* **Listed records**:
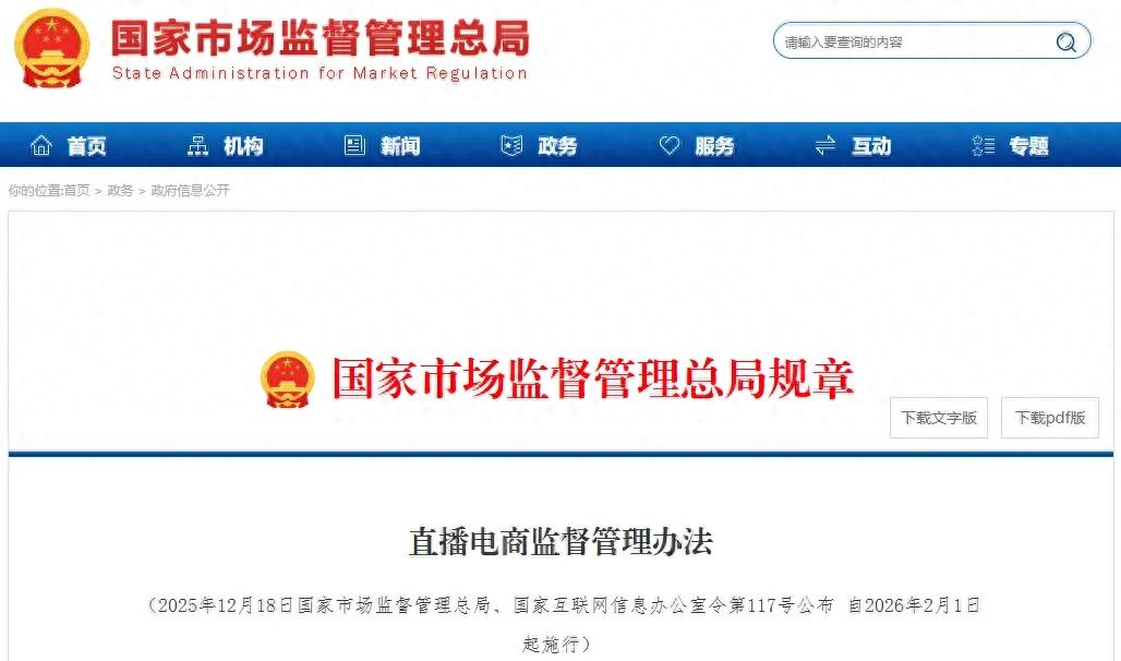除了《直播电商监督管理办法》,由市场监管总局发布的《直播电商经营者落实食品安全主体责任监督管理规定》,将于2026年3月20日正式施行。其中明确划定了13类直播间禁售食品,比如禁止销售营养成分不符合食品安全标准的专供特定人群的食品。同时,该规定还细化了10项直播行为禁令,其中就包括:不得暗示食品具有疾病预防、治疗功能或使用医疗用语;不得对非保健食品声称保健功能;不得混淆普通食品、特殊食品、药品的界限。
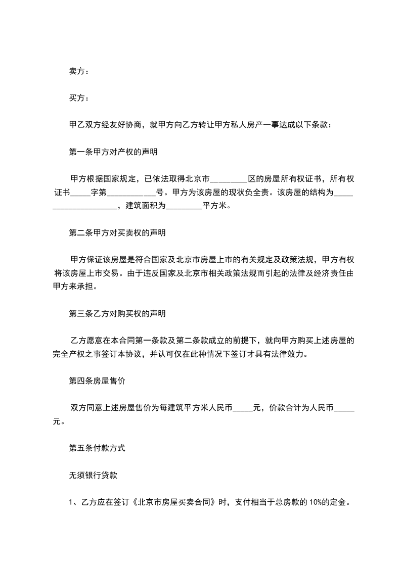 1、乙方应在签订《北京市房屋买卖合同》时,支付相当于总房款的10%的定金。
--
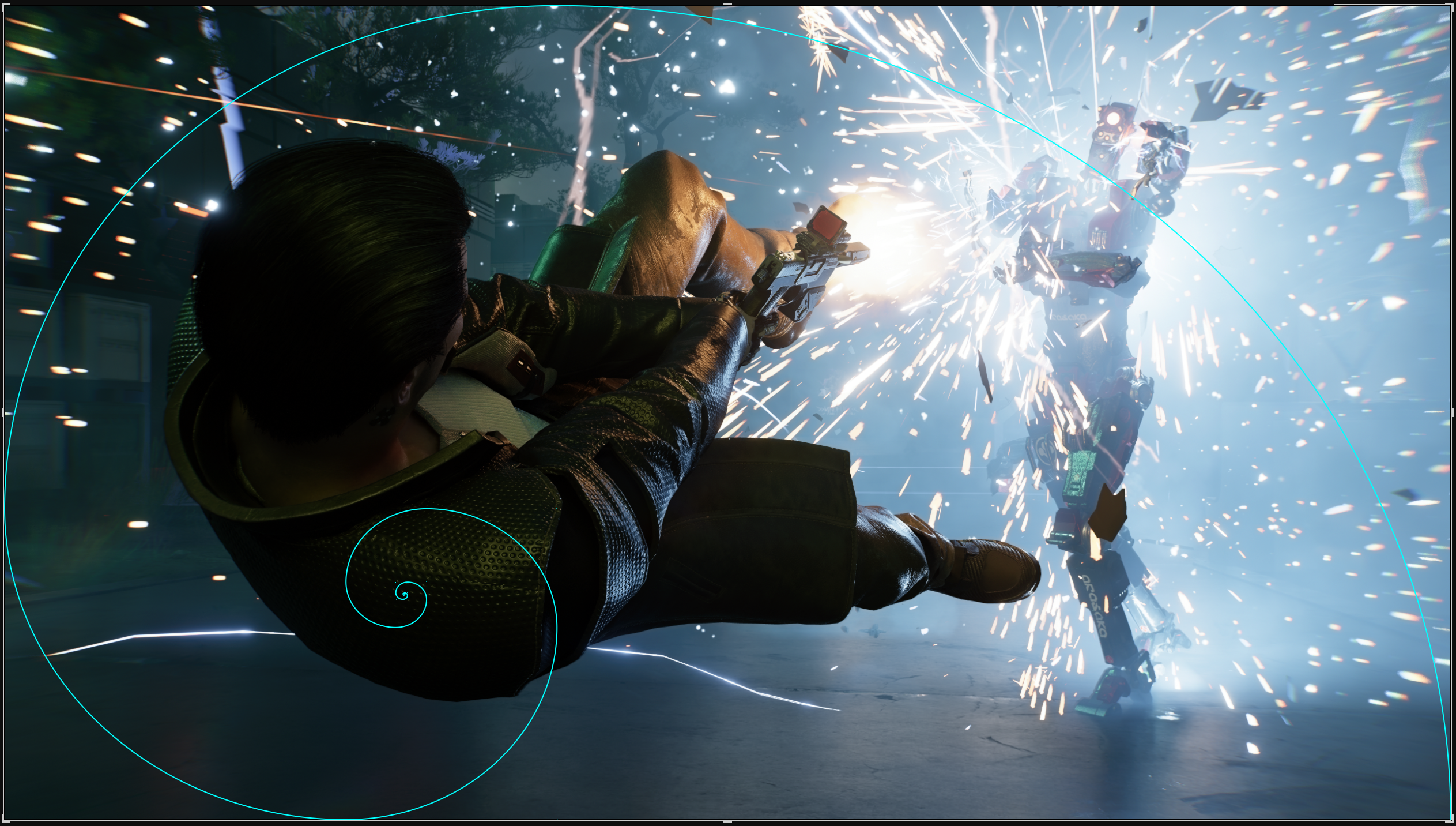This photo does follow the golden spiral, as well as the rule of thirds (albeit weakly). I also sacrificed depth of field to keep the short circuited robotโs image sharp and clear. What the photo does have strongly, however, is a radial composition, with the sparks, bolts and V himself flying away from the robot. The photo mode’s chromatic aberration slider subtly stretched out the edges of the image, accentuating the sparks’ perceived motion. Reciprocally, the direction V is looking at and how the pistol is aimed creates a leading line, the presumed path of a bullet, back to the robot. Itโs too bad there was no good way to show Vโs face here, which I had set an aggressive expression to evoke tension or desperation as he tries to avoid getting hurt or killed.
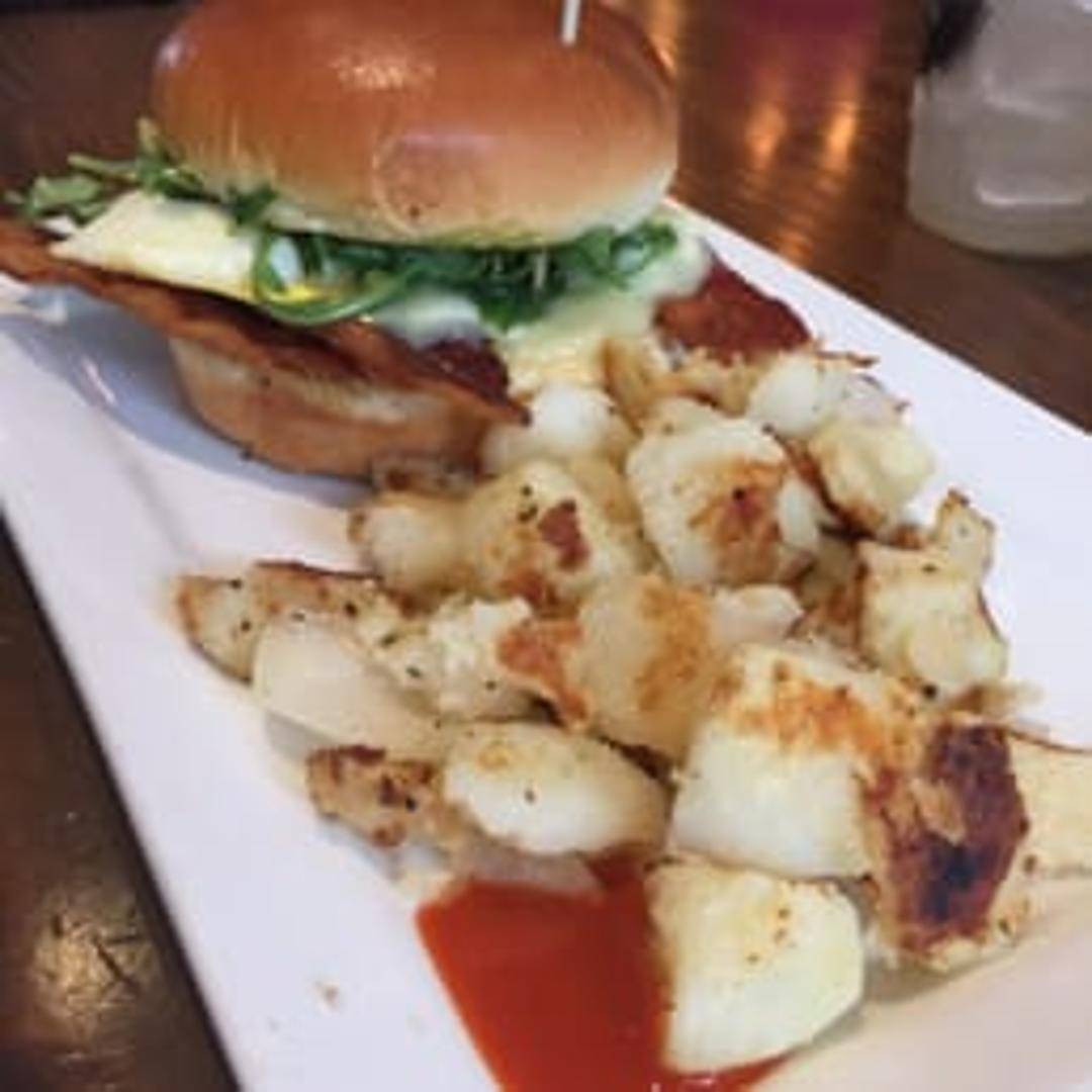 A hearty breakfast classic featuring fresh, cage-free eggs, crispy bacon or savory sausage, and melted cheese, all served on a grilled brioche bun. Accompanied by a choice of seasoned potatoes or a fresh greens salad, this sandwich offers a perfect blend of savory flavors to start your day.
...
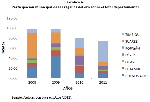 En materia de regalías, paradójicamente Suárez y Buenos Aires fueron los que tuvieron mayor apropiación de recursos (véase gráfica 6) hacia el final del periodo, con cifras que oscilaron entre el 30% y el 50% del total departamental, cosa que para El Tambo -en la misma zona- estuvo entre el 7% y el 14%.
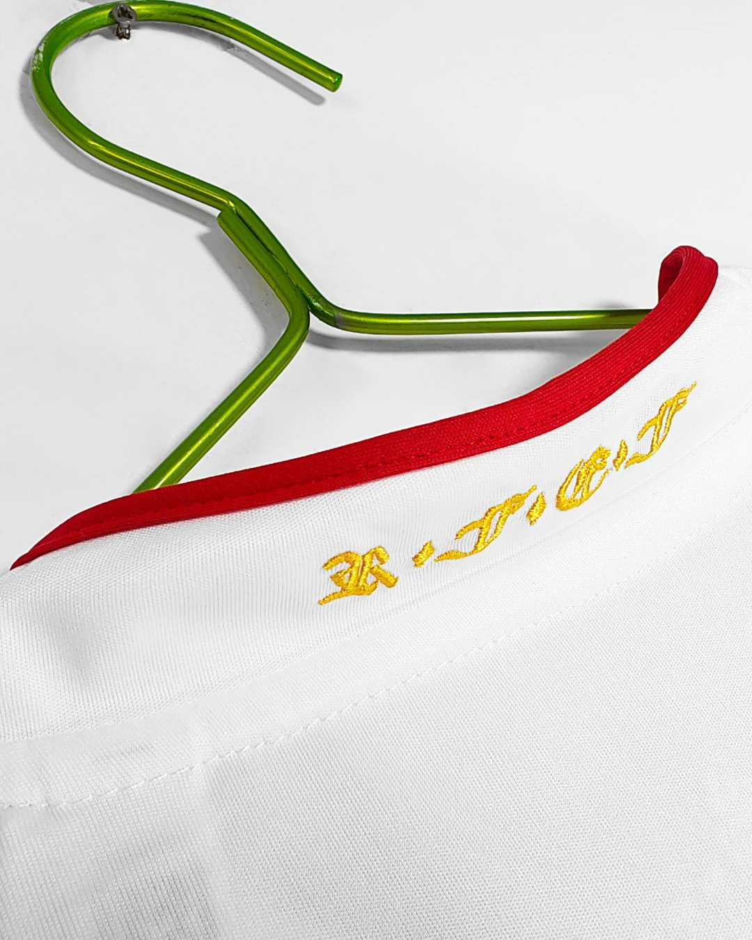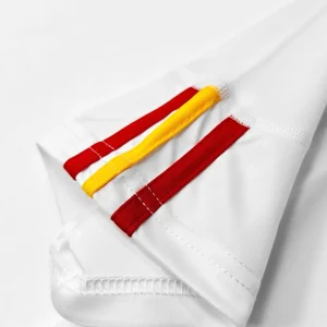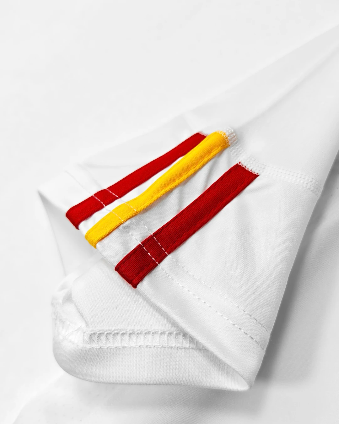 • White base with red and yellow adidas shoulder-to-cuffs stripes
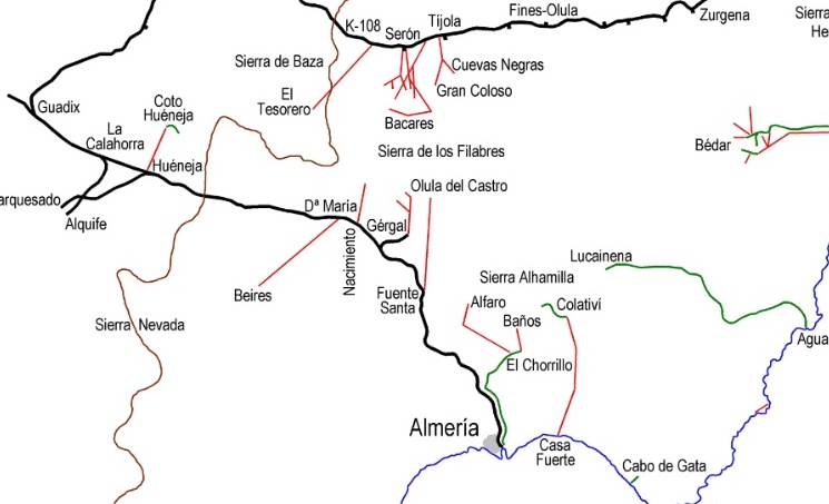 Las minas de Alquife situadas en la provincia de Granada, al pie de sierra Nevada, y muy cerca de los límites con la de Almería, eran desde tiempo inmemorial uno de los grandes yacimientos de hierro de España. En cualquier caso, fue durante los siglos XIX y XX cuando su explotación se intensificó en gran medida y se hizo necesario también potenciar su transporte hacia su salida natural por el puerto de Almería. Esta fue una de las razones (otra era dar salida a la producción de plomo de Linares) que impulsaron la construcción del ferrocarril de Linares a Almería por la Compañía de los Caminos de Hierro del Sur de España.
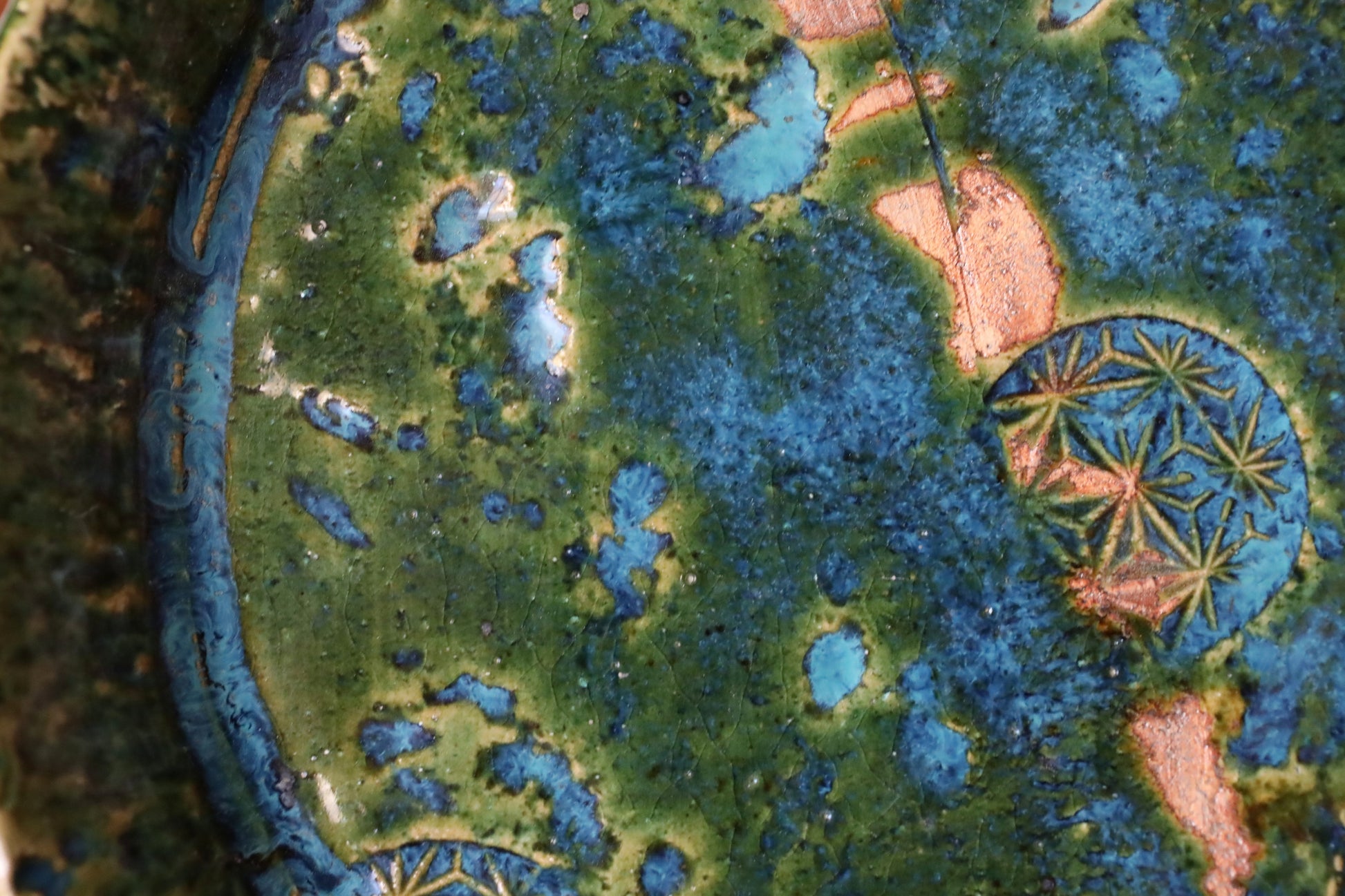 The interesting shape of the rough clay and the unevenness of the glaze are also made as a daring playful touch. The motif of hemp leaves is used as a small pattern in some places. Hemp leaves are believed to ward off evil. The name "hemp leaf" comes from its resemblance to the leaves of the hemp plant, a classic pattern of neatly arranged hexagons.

* **What you should do**:
With the pictures omitted, copy the entries above exactly from the line containing "除了《直播电商监督管理办法》" through the line containing "1、乙方应在签订《北京市房屋买卖合同》时,支付相当于总房款的10%的定金。", both lines included.

* **Reply to the exercise**:
除了《直播电商监督管理办法》,由市场监管总局发布的《直播电商经营者落实食品安全主体责任监督管理规定》,将于2026年3月20日正式施行。其中明确划定了13类直播间禁售食品,比如禁止销售营养成分不符合食品安全标准的专供特定人群的食品。同时,该规定还细化了10项直播行为禁令,其中就包括:不得暗示食品具有疾病预防、治疗功能或使用医疗用语;不得对非保健食品声称保健功能;不得混淆普通食品、特殊食品、药品的界限。
 1、乙方应在签订《北京市房屋买卖合同》时,支付相当于总房款的10%的定金。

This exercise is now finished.